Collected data
++++++++++++++++++++

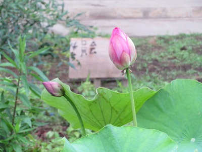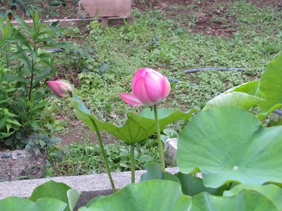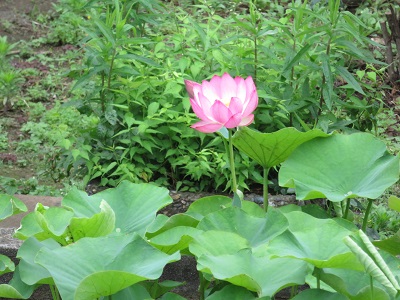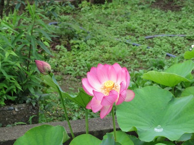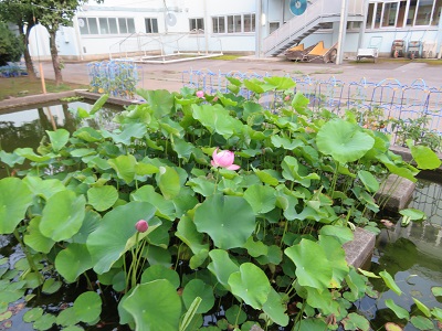 学校に来た際には、ぜひ、中庭に立ち寄り、すてきな蓮の花とその周りを泳ぐメダカを、見て行って下さい。心が和みますよ。
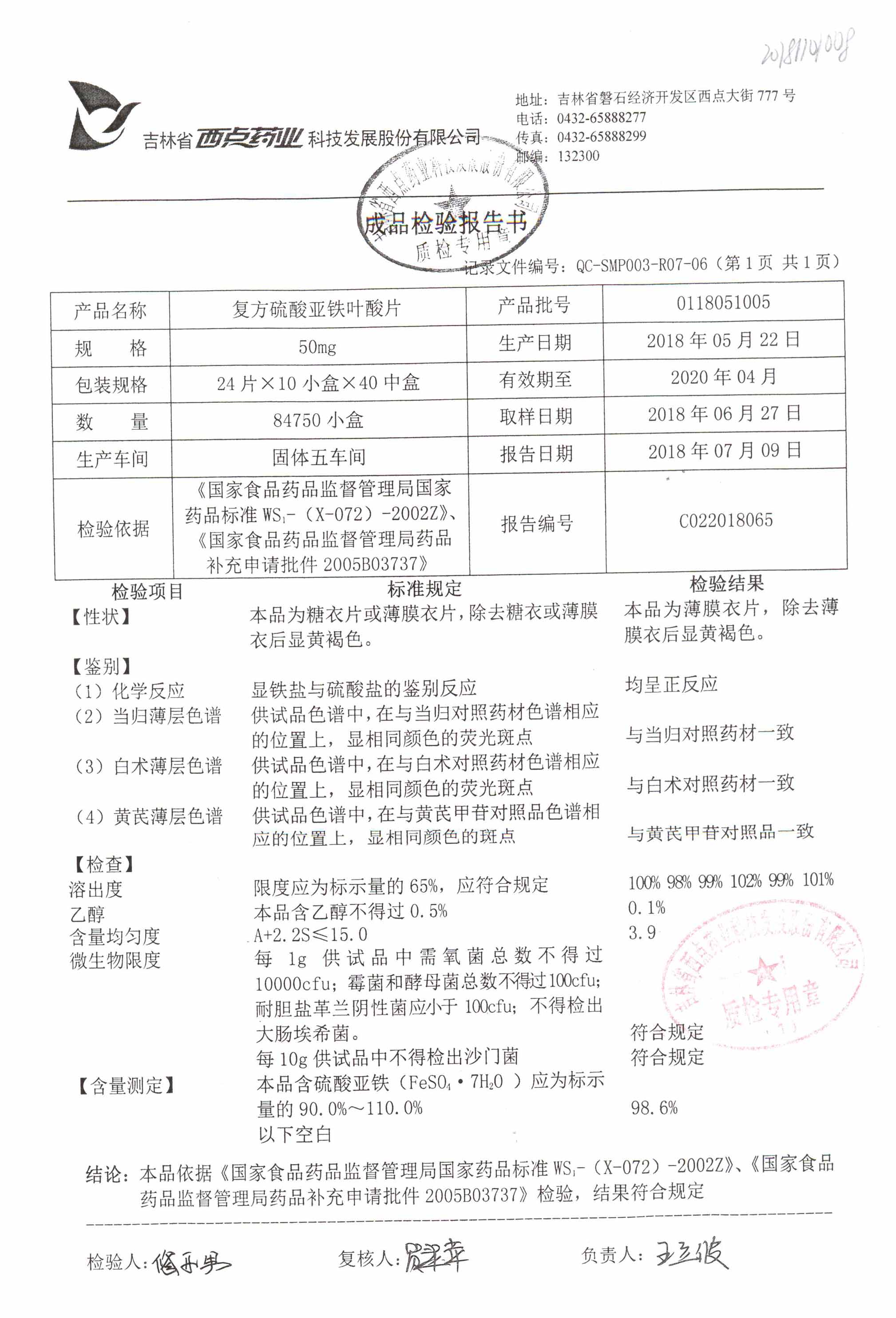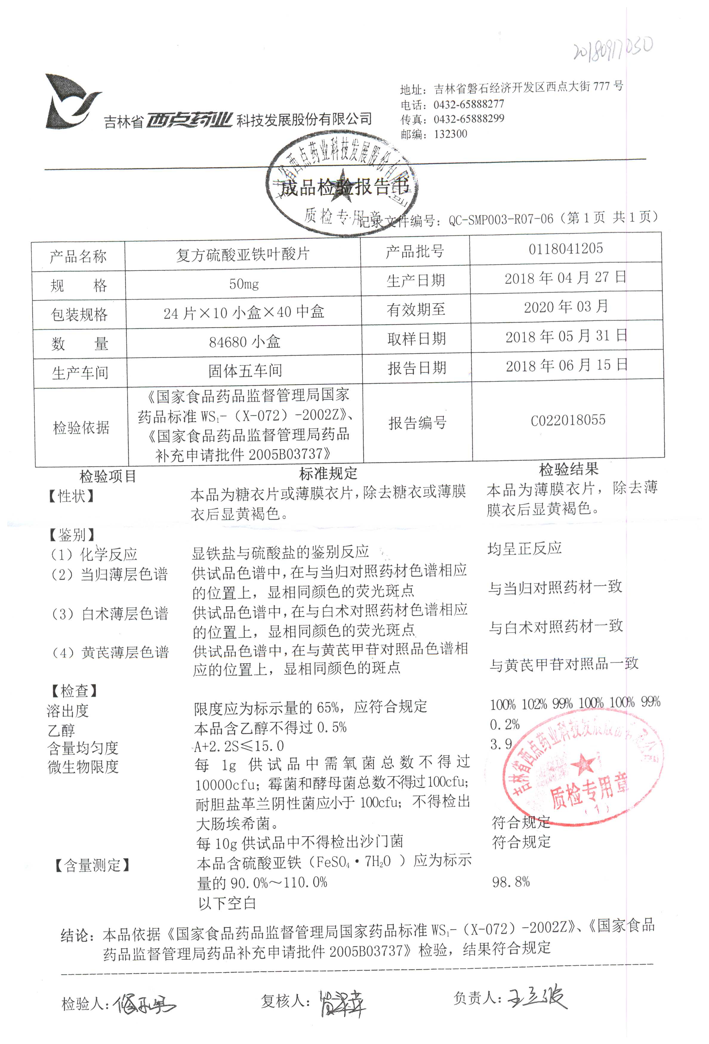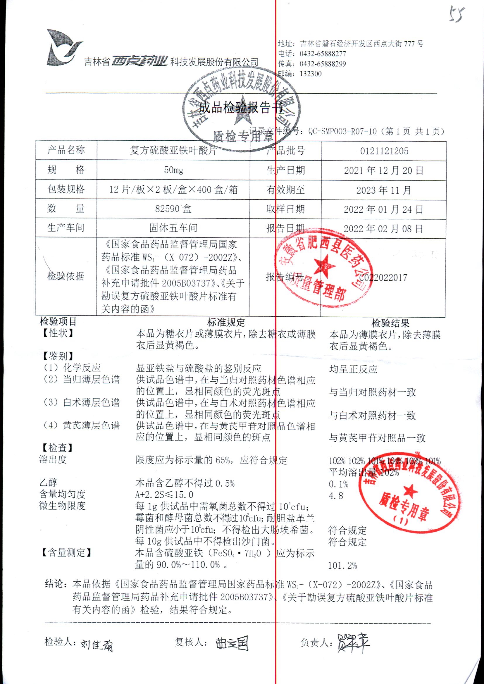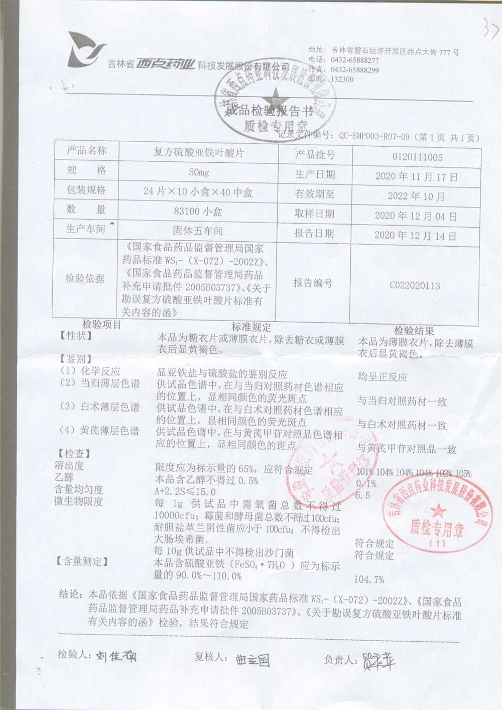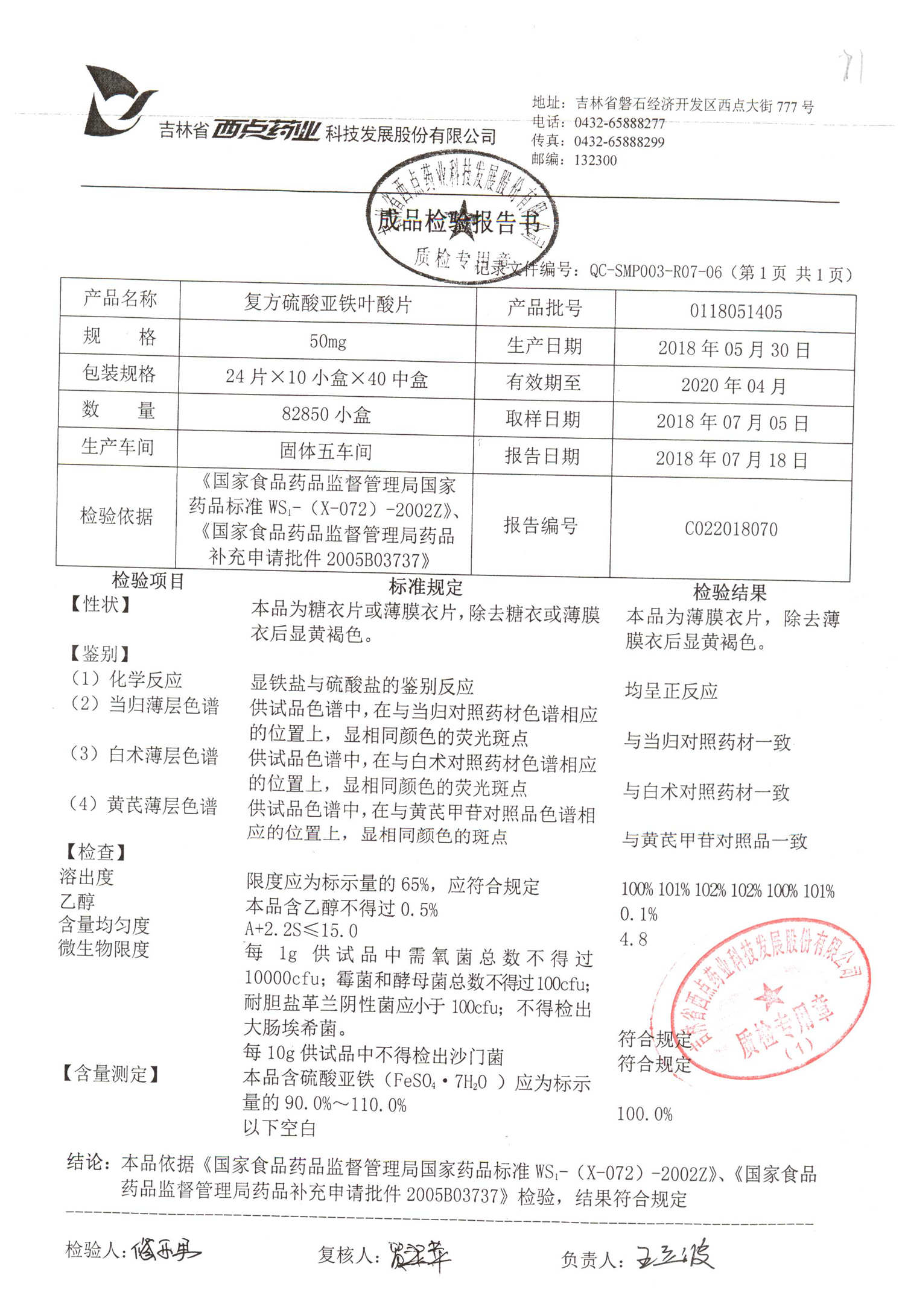 | 復方硫酸亞鐵葉酸片 | 50mg*24s | 0120120705 | 查看詳情 |
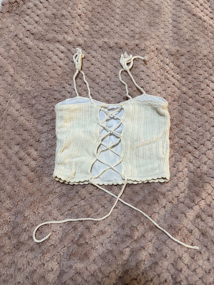 VenmoSelling this darling crochet crop top. It has a beautiful handmade look with a scalloped hem and adjustable tie straps. The back features a stunning lace-up detail that makes the fit adjustable and very flattering. Details: • Color: Cream / Ivory / Off-White • Style: Boho / Festival / Cottagecore • Features: Adjustable tie shoulder straps and a lace-up corset-style back. It is fully lined in the front, so it isn't see-through! • Condition: Excellent condition. No snags or loose threads in the crochet work. • Fit: Because of the lace-up back, it can fit a variety of sizes comfortably. This is the perfect top for summer. From a clean, smoke-free home.
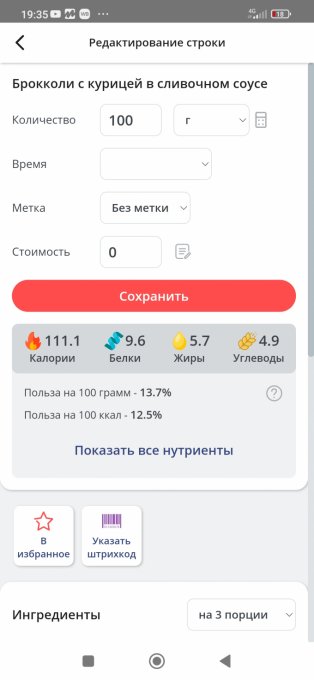 | Кол-во | Калории | Белки | Жиры | Углеводы | |
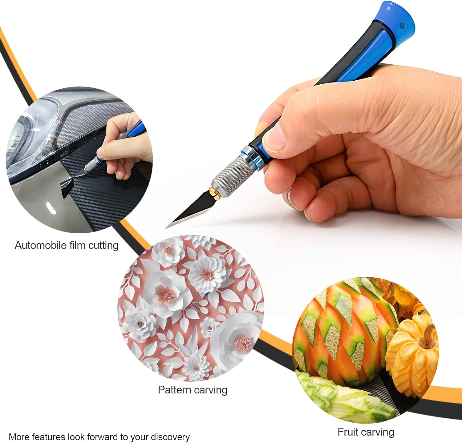- Easy to Replace Blades & High Compatible Precision Cutting Tool: Utility knife tool set come with 10 pcs spare blades, once a craft knife blade has become dull it is easier to replace it, also other suitable types of standard Hobby Knife (not included) can also be replaced according to the needs of use.
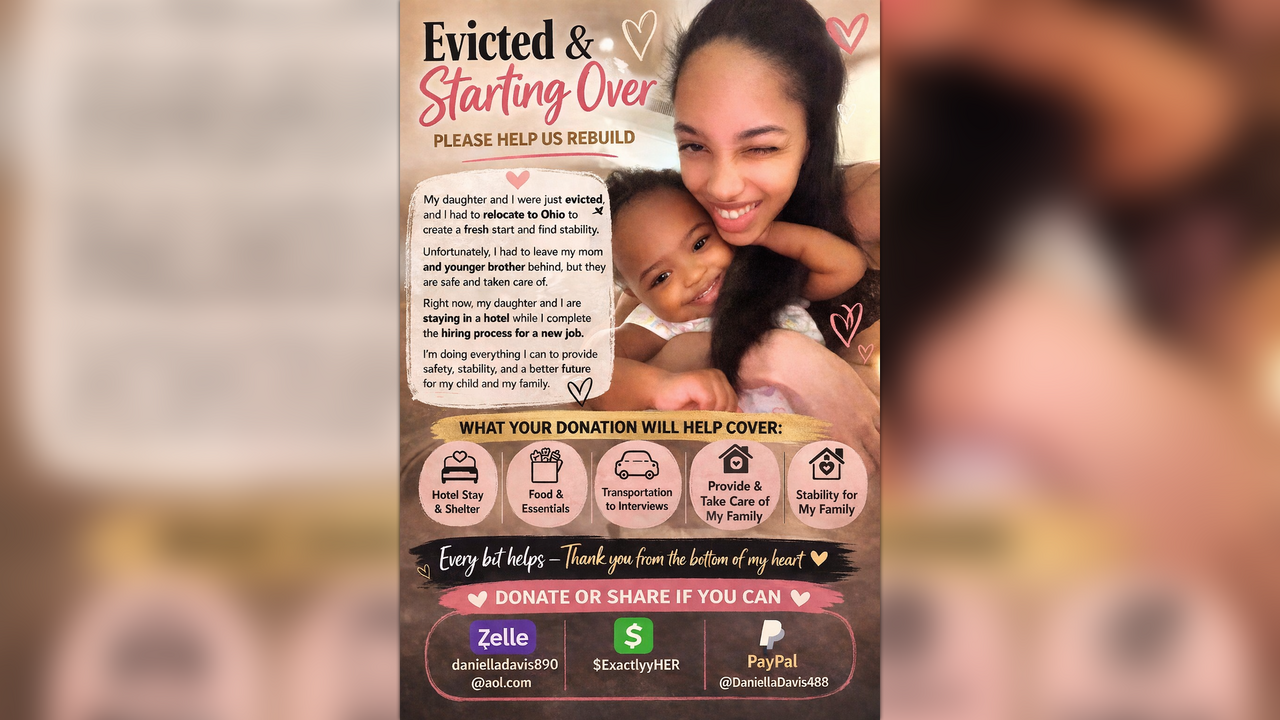 After being evicted, I had to make a very difficult and urgent decision to relocate to Ohio with my daughter in order to create a fresh start and find stability. Unfortunately, I did not have enough at the time to bring my mom and younger brother with me, but I made sure they are safe and have a place to stay where they are.
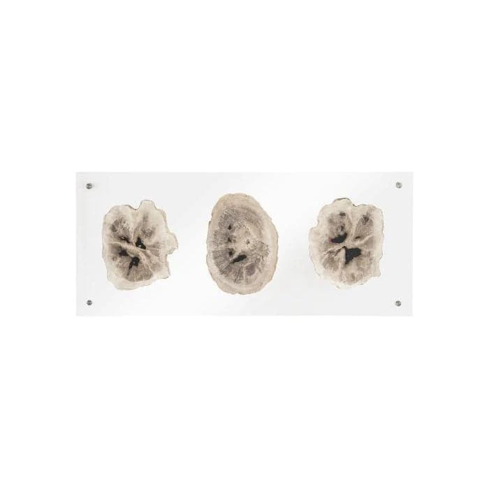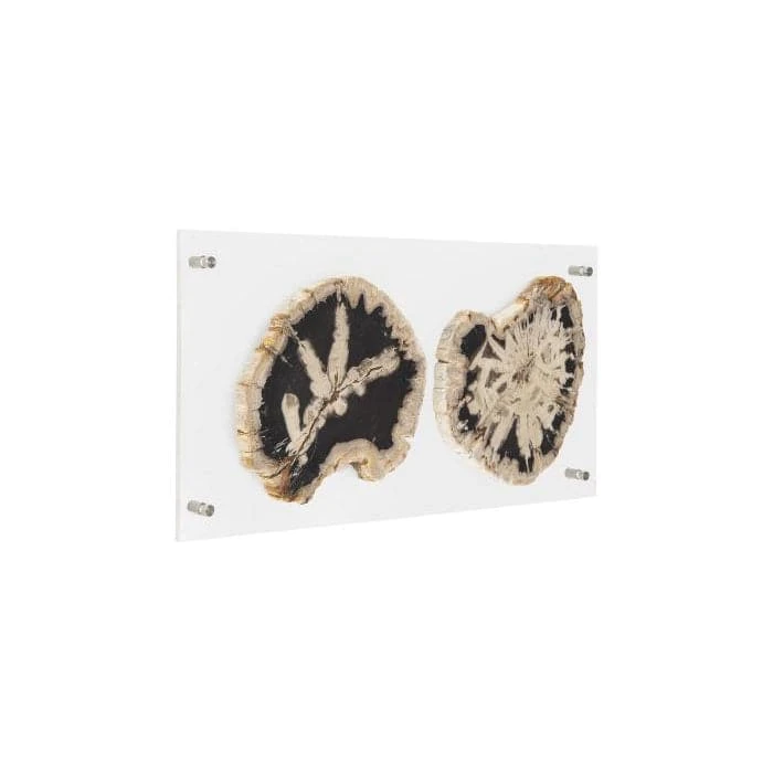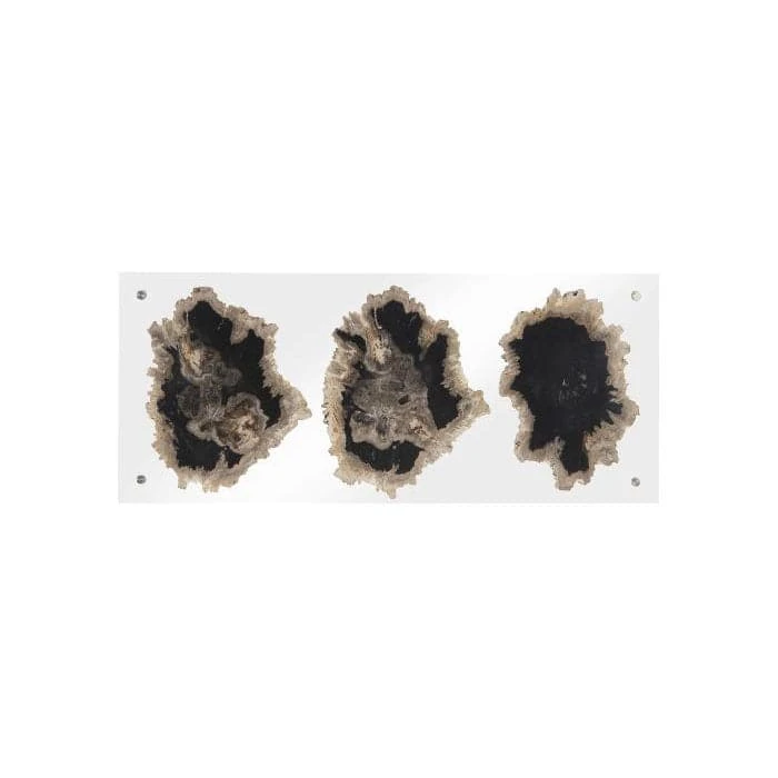 Made from petrified wood that has been cut and polished by hand in Indonesia. We’ve fastened these slices behind a piece of acrylic to create a floating wall piece. Made with love by Nature and enhanced by Phillips Collection.
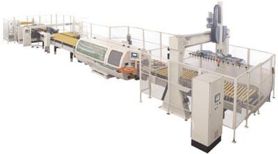 下面以双端封排钻生产线举例介绍,二工位或三工位龙门式上料系统的吸头吸规格板材到辊道上,在辊道上通过皮带把多块板材分开,均匀间隔在输送辊台上向前输送,经过双端封边机封边,排钻钻孔,再经过90度转向机转向后对另外两个边封边.钻孔,最后通过二工位或三工位龙门式下料系统的辊台将板材重新排列(最大8行2列),用吸头将排好的板材从辊台上吸下堆垛到地辊上,完成上下料加工过程.
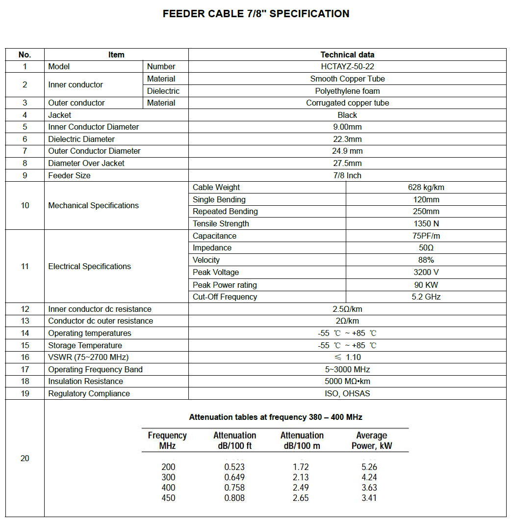 7/8 Inch Feeder Cable

++++++++++++++++++++

TASK BRIEF -
Starting with the first line of the data above, write out each line exactly up to and including the line that holds "Углеводы | |". Pictures stay out.

WRITTEN ANSWER -
 学校に来た際には、ぜひ、中庭に立ち寄り、すてきな蓮の花とその周りを泳ぐメダカを、見て行って下さい。心が和みますよ。
 | 復方硫酸亞鐵葉酸片 | 50mg*24s | 0120120705 | 查看詳情 |
 VenmoSelling this darling crochet crop top. It has a beautiful handmade look with a scalloped hem and adjustable tie straps. The back features a stunning lace-up detail that makes the fit adjustable and very flattering. Details: • Color: Cream / Ivory / Off-White • Style: Boho / Festival / Cottagecore • Features: Adjustable tie shoulder straps and a lace-up corset-style back. It is fully lined in the front, so it isn't see-through! • Condition: Excellent condition. No snags or loose threads in the crochet work. • Fit: Because of the lace-up back, it can fit a variety of sizes comfortably. This is the perfect top for summer. From a clean, smoke-free home.
 | Кол-во | Калории | Белки | Жиры | Углеводы | |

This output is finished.